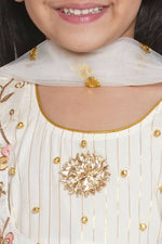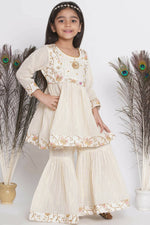 Little Bansi Floral Embroidery Jacket With Cotton Lurex Frock Sharara And Dupatta With Ghungroo Handwork - Cream Additional Information: Color...
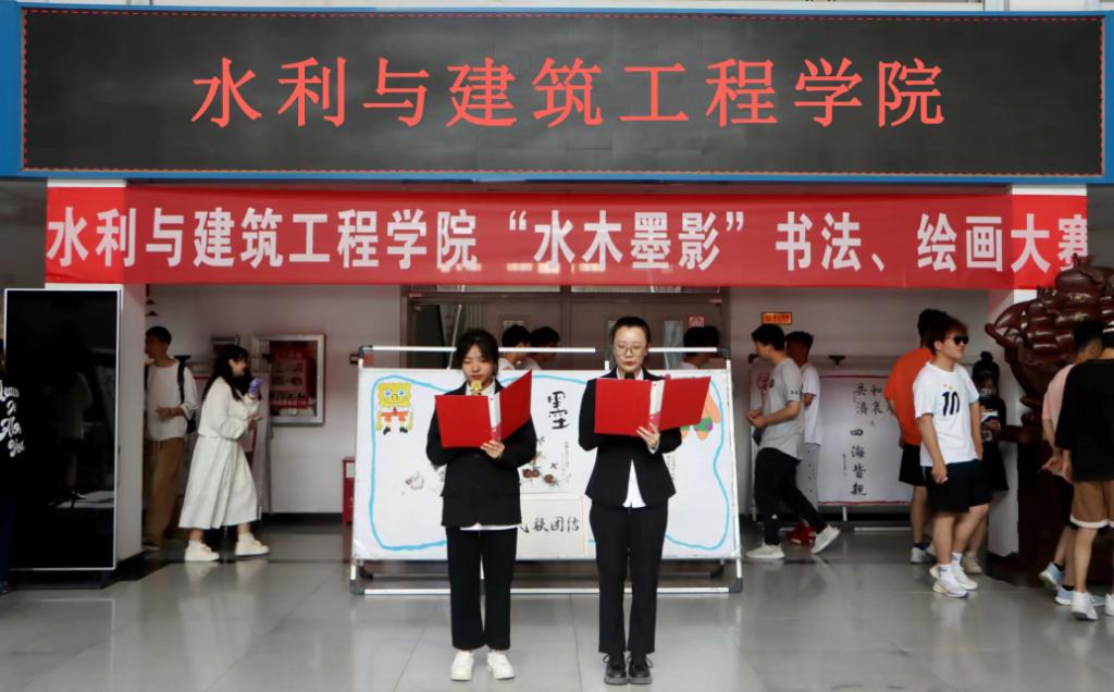 于工科实训楼大厅开展了“水木墨影”书法、绘画、摄影、手工作品展览活动。
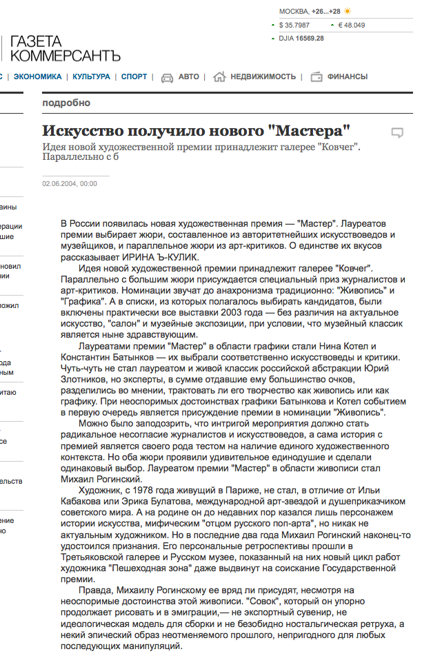 Ирина Кулик, Искусство получило нового "Мастера" , Коммерсантъ, 02.06.2004, Москва
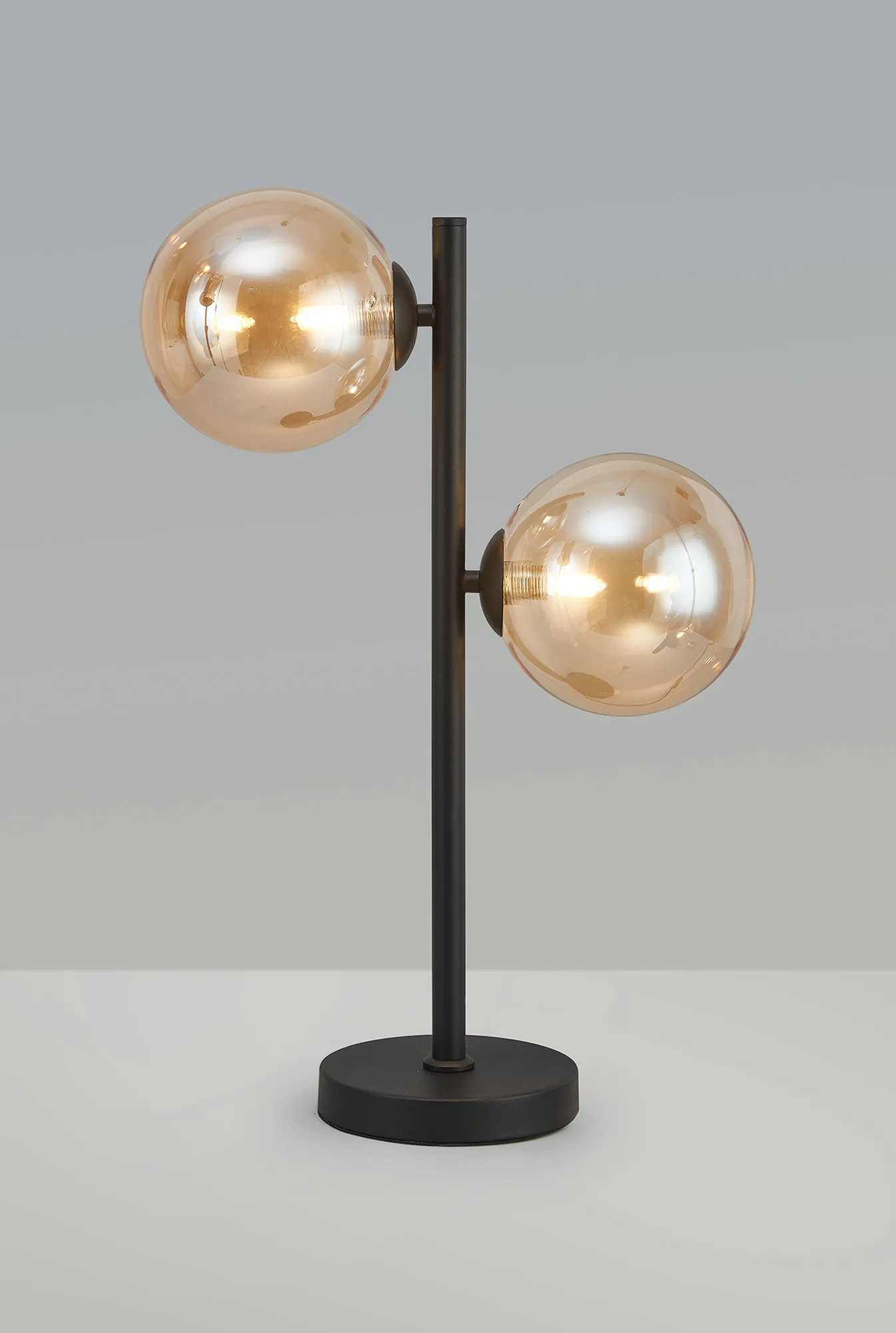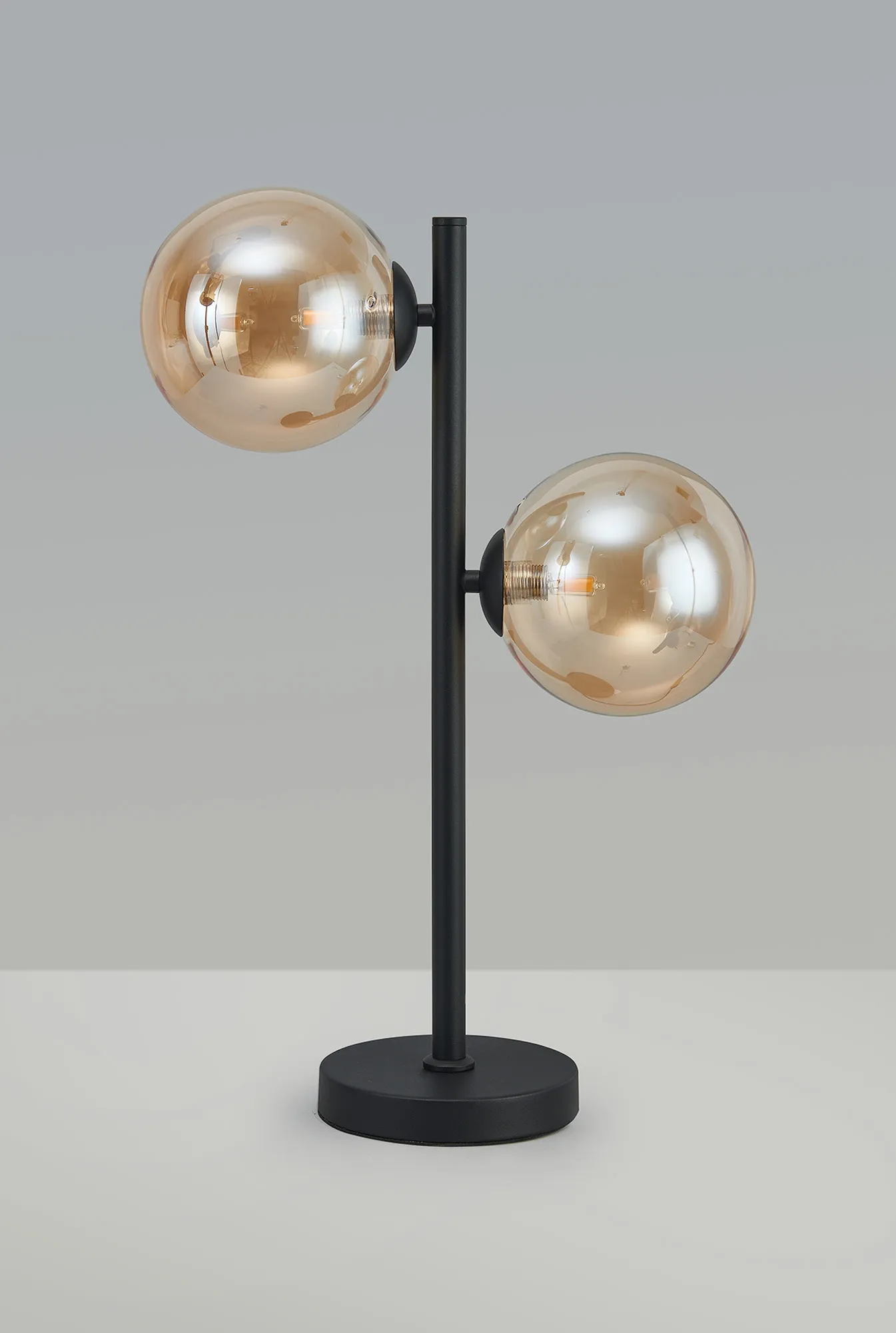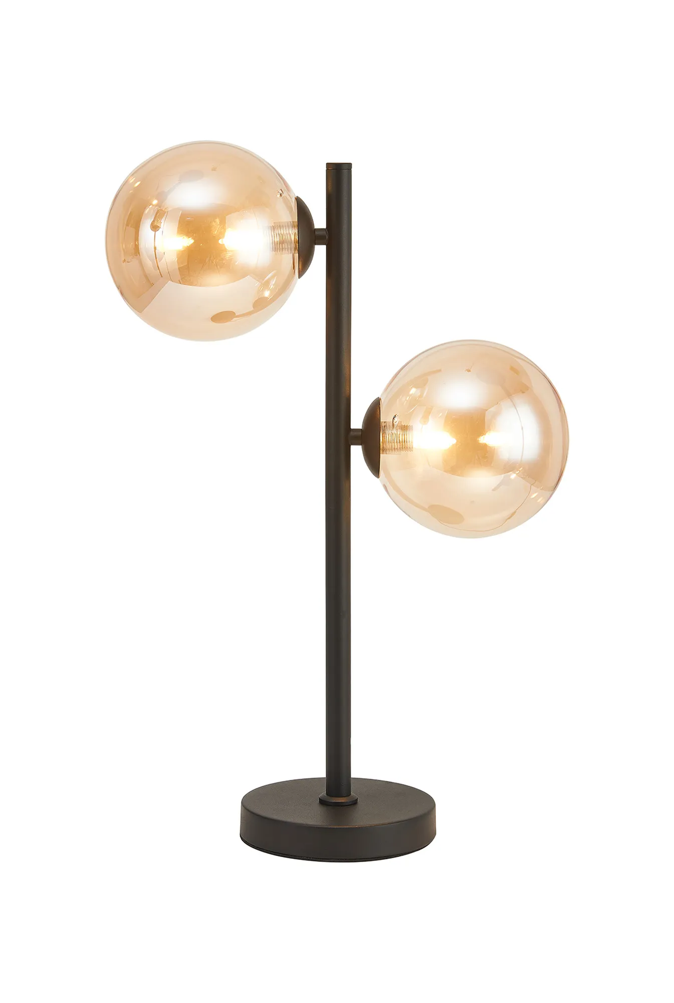 OTHER Wayburn Table Lamp, 2 x G9, Satin Black, Amber Plated 15cm Glass
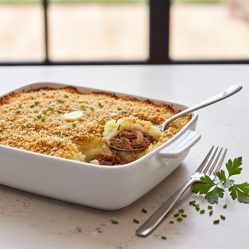 - Dans un plat à gratin, répartissez uniformément la préparation au canard. Recouvrez délicatement avec la purée de pommes de terre, lissez la surface à la spatule. Pour une croûte dorée, saupoudrez de chapelure et ajoutez quelques noisettes de beurre.

____

Leaving the images out, retype all the material above exactly.

Task response:
 Little Bansi Floral Embroidery Jacket With Cotton Lurex Frock Sharara And Dupatta With Ghungroo Handwork - Cream Additional Information: Color...
 于工科实训楼大厅开展了“水木墨影”书法、绘画、摄影、手工作品展览活动。
 Ирина Кулик, Искусство получило нового "Мастера" , Коммерсантъ, 02.06.2004, Москва
 OTHER Wayburn Table Lamp, 2 x G9, Satin Black, Amber Plated 15cm Glass
 - Dans un plat à gratin, répartissez uniformément la préparation au canard. Recouvrez délicatement avec la purée de pommes de terre, lissez la surface à la spatule. Pour une croûte dorée, saupoudrez de chapelure et ajoutez quelques noisettes de beurre.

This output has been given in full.